La fuerza de las mujeres trabajadoras desbordó en el centro de Asunción en la Marcha del 8M contra la precarización laboral. El barullo organizado por la Articulación Feminista este año denunció las medidas del gobierno que pueden afectar derechos como la jubilación, además de exponer las condiciones desiguales y de explotación en las que trabaja la población paraguaya. La marcha multitudinaria y muy ruidosa, que partió ayer desde la Plaza Uruguaya hasta la Plaza de la Democracia, estuvo llena de colores, energía, rabia, pero también de la alegría del encuentro entre mujeres, niños, niñas y varones, quienes con banderas y batucadas mostraron su sensibilidad contra las injusticias en el mundo, los abusos y la violencia. “Si el mundo fuera feminista, no existirían estas guerras”, rezaba uno de los pasacalles. La marcha estuvo conformada por varias organizaciones de comunicadoras, campesinas, investigadoras, universitarias, entre otras, que con creatividad y, a pesar de la lluvia, expusieron la situación de las trabajadoras del país. “Ni precarizadas ni sumisas. Defendemos nuestros derechos”, fue la consigna del 8M que también denunció feminicidios.
MANIFIESTO. El concierto previsto fue suspendido por la lluvia, pero se logró exponer el manifiesto de este año, en el que se reconoce a las “mujeres del campo y la ciudad, campesinas, indígenas, sindicalistas, docentes, estudiantes, bañadenses, jóvenes, lesbianas, bisexuales, mujeres de partidos políticos, trabajadoras sexuales, autoconvocadas, comunicadoras, periodistas, madres, audiovisualistas, diseñadoras gráficas, investigadoras y trabajadoras de la salud mental”.

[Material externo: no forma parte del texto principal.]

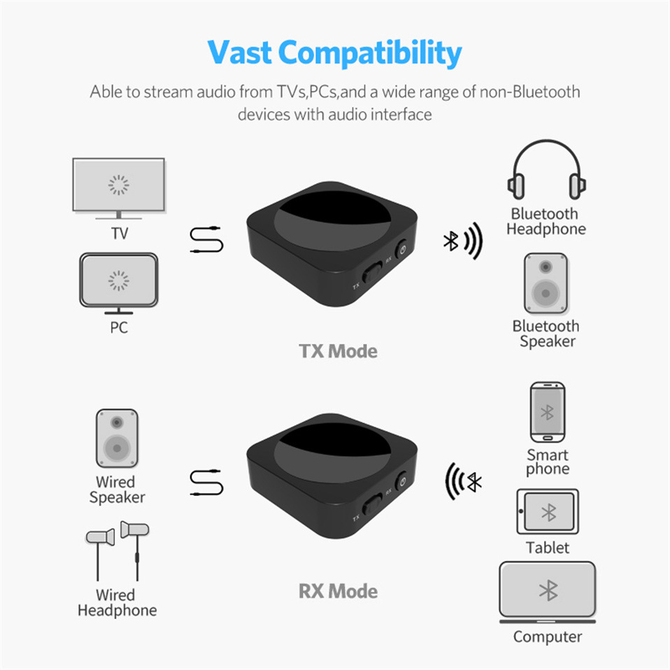 A. from non-Bluetooth audio sources(Phone, iPod, PC,eBook,MP3/MP4, CD/DVD player, TV etc.) to Bluetooth-enabled devices(BT speaker,BT headphone,BT receiver etc.)

Esta décima movilización feminista denunció que el gobierno prioriza medidas economicistas y no sociales, donde lo no productivo se descarta. “Tenemos un gobierno que mercantiliza todo, incluyendo nuestros derechos; un gobierno ligado a la ultraderecha internacional que nos conduce a un grave retroceso en la garantía de derechos y en la aplicación de políticas sociales, priorizando una agenda economicista que no beneficia a las mayorías trabajadoras, sino a una cúpula angurrienta de poder”, señala el manifiesto.
Las mujeres también denunciaron la eliminación de la palabra género, la ley garrote, la reivindicación al stronismo y la reforma de la Caja Fiscal.
“Sabemos que en nuestro país las maestras del magisterio nacional son la columna vertebral de la educación pública. Representan cerca del 70% del sistema, y serán nuevamente ellas quienes cargarán con el peso que plantea este proyecto si llega a aprobarse. Esto implica más aportes, más años para acceder a la jubilación y un menor porcentaje de redistribución. El resultado será jubilaciones postergadas y una protección social más débil. El Estado ha sido históricamente el administrador de la Caja Fiscal. Sin embargo, en su rol de “patrón”, jamás cumplió con sus aportes: durante años saqueó esos fondos y hoy pretende pasarle la factura a las trabajadoras docentes”, sentencia.